*ASSIGNED TASK:* Repeat only the lines below from the one that contains "A damper that" through the final line, exactly. Omit pictures.

*INFORMATION SUPPLIED:*
::::::::
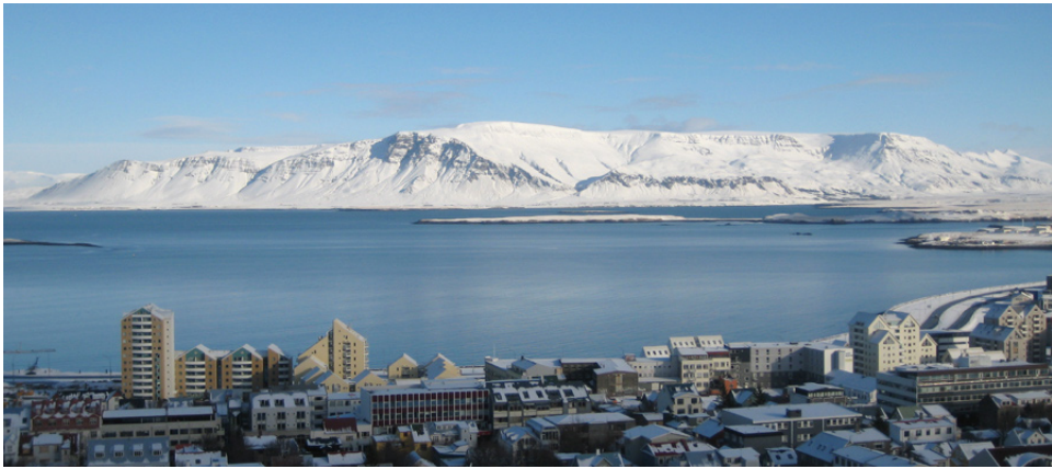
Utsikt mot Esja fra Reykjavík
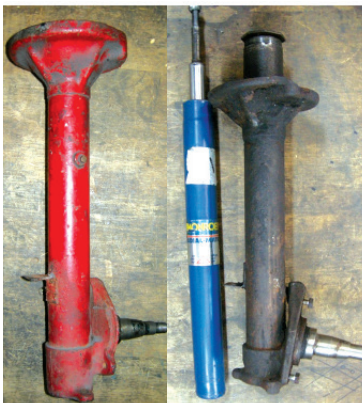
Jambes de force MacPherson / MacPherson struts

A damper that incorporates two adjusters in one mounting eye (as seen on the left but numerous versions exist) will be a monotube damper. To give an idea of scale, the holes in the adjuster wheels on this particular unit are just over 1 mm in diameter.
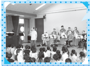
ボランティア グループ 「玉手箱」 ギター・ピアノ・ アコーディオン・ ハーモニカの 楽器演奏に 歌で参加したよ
::::::::
*TASK RESULT:*
A damper that incorporates two adjusters in one mounting eye (as seen on the left but numerous versions exist) will be a monotube damper. To give an idea of scale, the holes in the adjuster wheels on this particular unit are just over 1 mm in diameter.
ボランティア グループ 「玉手箱」 ギター・ピアノ・ アコーディオン・ ハーモニカの 楽器演奏に 歌で参加したよ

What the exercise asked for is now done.